The risk scores developed for the prediction of an adverse outcome in patients after ST-segment elevation myocardial infarction (STEMI) have mostly addressed patients treated with thrombolysis and evaluated solely all-cause mortality as the primary end point. Primary percutaneous coronary intervention in patients with STEMI has improved the outcome significantly and might have changed the relative contribution of different risk factors. Our patient population included 1,484 consecutive patients admitted with STEMI who had undergone primary percutaneous coronary intervention. The clinical, angiographic, and echocardiographic data obtained during hospitalization were used to derive a risk score for the prediction of short-term (30-day) and long-term (1- and 4-year) cardiovascular mortality and hospitalization for heart failure. During a median follow-up of 30 months, 87 patients (6%) died from cardiovascular mortality or were hospitalized for heart failure. Multivariate Cox regression analyses identified age ≥70 years, Killip class ≥2, diabetes, left anterior descending coronary artery as the culprit vessel, 3-vessel disease, peak cardiac troponin T level ≥3.5 μg/L, left ventricular ejection fraction ≤40%, and heart rate at discharge ≥70 beats/min as relevant factors for the construction of the risk score.
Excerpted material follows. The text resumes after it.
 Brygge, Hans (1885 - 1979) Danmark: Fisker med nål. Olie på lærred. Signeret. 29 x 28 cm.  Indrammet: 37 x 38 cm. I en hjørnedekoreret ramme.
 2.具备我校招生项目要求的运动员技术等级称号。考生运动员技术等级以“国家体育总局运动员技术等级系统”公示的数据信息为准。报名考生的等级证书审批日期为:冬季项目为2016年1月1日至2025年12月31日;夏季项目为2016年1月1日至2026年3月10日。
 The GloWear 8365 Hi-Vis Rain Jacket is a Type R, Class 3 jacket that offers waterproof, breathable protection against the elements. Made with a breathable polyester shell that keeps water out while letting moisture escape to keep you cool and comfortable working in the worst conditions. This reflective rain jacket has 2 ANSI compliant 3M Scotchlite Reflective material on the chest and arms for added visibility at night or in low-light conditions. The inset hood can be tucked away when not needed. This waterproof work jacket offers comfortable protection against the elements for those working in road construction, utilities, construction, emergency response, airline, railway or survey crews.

The discriminatory power of the model as assessed using the areas under the receiver operating characteristic curves was good (0.84, 0.83, and 0.81 at 30 days and 1 and 4 years, respectively), and the patients could be allocated to low-, intermediate-, or high-risk categories with an event rate of 1%, 6%, and 24%, respectively. In conclusion, the current risk model demonstrates for the first time that 8 parameters readily available during the hospitalization of patients with STEMI treated with primary percutaneous coronary intervention can accurately stratify patients at long-term follow-up (≤4 years after the index infarction) into low-, intermediate-, and high-risk categories.
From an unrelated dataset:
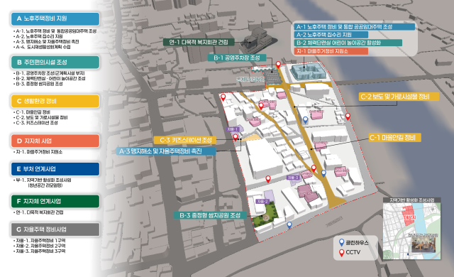 노후주택 정비 분야에서는 안전등급 D등급인 준일빌라 등 노후 공동주택을 철거한 뒤 통합공공임대주택 64세대를 조성해 주거 취약계층의 주거 안정을 도모함과 동시에 개별 노후주택에 대한 집수리 지원을 병행하고, 맹지 해소 등 합리적인 토지 이용을 통해 주민들이 주도하는 주택정비도 추진한다는 계획이다.

Several risk scores have been proposed for predicting long-term survival after myocardial infarction. However, most of them were developed from patient cohorts treated with thrombolysis. In the Western countries, patients with ST-segment elevation acute myocardial infarction (STEMI) should preferably be treated with primary percutaneous coronary intervention (PCI). Primary PCI in patients with STEMI results in limited infarct size and preserved left ventricular systolic function. As previously shown, the infarct size and left ventricular ejection fraction are powerful determinants of long-term survival in these populations and form a part of established risk scores. However, the wide use of primary PCI might have changed the relative contribution of these parameters to the prediction of long-term outcome. Data concerning which risk factors are most important in this contemporary population of patients for the prediction of cardiovascular mortality and heart failure hospitalization during long-term follow-up are not available. In addition, risk models focusing on cardiovascular mortality and the development of heart failure have not been explored. These outcomes might be more relevant end points in this population than all-cause mortality. Therefore, the aim of the present evaluation was to derive a risk score for the prediction of short- and long-term cardiovascular mortality and hospitalization of heart failure in patients with STEMI treated with primary PCI using clinical, angiographic, and echocardiographic parameters available during the hospitalization for the index infarction.
Methods
Since February 2004, the clinical, angiographic, and echocardiographic data from consecutive patients who were admitted with STEMI to the Leiden University Medical Center were prospectively collected in the departmental cardiology information system (EPD-Vision) and retrospectively analyzed. All patients underwent primary PCI and were treated according to the institutional protocol for patients admitted with STEMI (MISSION!). This protocol is based on the most recent American College of Cardiology/American Heart Association/European Society of Cardiology guidelines and includes a prehospital, inhospital, and outpatient clinical framework designed to optimize the care of these patients. Evidence-based medical therapy is initiated early during hospitalization. In addition, the left ventricular ejection fraction is assessed with 2-dimensional echocardiography within 48 hours of admission to refine the risk stratification and clinical treatment of the patients.
For the present evaluation, the clinical, angiographic, and echocardiographic data from consecutive patients admitted with STEMI and who were not in cardiogenic shock at admission were analyzed. From the various clinical, angiographic, and echocardiographic variables that were routinely collected, a practical risk score was created to accurately predict cardiovascular mortality and hospitalization for heart failure at short-term (30-day) and long-term (1- and 4-years) in this contemporary population of patients with STEMI.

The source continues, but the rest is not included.